On one side the media is dishing out long-lived misconceptions about dividends. On the other side, the Nobel winners are saying dividends are "irrelevant" to stock values. I'm not sure about you, but I know which one of these two groups I'm going with.

Ten Stock-Market Myths That Just Won't Die

by Brett Arends


The Dow Jones Industrial Average last week ended up pretty much where it had been a little more than a week earlier. A rousing 200-point rally on Wednesday mostly made up for the distressing 200-point selloff of the previous Friday.

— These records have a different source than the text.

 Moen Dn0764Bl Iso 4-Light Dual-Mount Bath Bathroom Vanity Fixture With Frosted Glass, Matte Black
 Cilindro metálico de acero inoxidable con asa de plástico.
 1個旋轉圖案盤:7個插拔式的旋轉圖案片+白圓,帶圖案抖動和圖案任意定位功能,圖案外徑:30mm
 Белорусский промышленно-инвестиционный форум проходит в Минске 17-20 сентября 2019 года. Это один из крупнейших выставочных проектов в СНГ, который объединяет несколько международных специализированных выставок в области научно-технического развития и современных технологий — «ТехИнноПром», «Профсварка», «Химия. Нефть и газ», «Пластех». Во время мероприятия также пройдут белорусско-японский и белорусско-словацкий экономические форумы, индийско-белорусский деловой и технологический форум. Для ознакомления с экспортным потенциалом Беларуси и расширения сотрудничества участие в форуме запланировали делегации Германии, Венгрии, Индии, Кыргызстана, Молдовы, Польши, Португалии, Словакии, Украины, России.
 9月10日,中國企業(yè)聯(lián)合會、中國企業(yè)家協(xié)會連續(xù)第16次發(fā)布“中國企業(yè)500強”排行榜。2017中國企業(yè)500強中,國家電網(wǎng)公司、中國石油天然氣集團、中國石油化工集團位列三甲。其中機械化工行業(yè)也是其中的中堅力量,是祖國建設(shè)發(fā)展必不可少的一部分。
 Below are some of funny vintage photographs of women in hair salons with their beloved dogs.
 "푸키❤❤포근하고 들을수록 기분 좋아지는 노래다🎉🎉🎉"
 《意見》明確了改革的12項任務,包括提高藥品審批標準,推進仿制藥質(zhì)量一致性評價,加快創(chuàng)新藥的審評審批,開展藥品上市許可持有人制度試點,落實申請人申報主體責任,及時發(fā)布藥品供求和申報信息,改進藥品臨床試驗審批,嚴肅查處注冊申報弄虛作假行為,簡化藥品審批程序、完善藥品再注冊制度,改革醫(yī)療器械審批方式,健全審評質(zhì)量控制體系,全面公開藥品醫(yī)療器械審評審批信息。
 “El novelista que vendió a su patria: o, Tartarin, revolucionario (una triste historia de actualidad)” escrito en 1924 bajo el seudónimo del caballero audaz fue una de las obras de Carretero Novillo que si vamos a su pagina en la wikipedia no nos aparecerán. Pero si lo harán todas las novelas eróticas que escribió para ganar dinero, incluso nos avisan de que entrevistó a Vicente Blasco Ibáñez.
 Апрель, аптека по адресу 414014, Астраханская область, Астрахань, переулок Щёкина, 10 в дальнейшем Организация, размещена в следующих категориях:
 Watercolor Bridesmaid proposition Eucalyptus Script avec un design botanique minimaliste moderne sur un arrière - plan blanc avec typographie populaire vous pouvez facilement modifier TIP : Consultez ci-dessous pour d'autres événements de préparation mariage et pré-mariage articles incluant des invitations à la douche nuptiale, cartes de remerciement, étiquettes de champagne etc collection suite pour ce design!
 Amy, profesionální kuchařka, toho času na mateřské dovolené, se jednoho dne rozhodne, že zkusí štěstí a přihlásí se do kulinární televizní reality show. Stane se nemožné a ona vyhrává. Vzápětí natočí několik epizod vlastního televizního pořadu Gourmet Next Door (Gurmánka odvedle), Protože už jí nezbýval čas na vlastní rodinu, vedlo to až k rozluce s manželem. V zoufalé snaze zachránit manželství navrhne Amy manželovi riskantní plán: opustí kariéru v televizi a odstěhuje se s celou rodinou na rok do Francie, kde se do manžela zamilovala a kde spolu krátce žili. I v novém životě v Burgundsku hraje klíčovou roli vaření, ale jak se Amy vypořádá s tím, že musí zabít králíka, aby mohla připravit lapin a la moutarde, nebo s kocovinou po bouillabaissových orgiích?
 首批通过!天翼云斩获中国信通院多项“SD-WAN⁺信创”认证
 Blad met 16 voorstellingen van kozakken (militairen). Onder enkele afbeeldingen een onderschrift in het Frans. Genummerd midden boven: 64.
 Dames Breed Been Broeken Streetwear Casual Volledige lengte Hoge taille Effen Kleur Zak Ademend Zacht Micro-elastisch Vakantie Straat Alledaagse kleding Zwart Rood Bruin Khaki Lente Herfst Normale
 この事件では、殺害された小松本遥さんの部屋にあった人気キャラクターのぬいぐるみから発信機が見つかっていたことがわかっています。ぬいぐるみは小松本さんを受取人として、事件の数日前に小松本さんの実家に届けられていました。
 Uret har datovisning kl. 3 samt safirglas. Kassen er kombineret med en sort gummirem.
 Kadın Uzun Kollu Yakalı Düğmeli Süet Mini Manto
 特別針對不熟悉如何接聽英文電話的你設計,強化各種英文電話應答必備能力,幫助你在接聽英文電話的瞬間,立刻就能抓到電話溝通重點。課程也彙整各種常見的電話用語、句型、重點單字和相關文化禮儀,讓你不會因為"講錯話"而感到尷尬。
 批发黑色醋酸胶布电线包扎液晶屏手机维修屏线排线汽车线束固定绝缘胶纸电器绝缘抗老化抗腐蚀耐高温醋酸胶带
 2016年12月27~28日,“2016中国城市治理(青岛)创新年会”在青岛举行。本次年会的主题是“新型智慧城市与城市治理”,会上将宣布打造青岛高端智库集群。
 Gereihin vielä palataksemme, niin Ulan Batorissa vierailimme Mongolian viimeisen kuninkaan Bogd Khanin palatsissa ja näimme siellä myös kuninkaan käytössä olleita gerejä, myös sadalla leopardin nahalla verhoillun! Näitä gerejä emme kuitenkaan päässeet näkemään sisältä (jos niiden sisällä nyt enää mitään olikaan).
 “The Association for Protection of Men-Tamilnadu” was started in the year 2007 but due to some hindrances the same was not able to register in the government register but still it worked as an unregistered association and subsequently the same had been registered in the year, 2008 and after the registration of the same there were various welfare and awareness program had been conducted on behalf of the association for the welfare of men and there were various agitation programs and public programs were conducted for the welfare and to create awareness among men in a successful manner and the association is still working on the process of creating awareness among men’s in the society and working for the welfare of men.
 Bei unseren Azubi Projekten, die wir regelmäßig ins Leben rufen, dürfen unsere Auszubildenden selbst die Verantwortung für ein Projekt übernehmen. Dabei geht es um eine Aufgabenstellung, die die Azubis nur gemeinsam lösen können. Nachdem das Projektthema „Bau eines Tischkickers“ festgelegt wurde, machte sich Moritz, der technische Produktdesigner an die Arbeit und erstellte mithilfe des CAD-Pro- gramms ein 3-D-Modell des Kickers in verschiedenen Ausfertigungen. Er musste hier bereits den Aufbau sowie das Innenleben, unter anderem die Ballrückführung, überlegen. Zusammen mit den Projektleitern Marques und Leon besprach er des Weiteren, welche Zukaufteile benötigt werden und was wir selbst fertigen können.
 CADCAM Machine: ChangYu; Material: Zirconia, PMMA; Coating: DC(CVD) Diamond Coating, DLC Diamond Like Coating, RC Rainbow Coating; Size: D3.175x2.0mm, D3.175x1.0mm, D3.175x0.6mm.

The Dow plummeted nearly 800 points a few weeks ago — and then just as dramatically rocketed back up again. The widely watched market indicator is down 7% from where it stood in April and up 59% from where it was at its 2009 nadir.

These kinds of stomach-churning swings are testing investors' nerves once again. You may already feel shattered from the events of 2008-2009. Since the Greek debt crisis in the spring, turmoil has been back in the markets.

At times like this, your broker or financial adviser may offer words of wisdom or advice. There are standard calming phrases you will hear over and over again. But how true are they? Here are 10 that need extra scrutiny.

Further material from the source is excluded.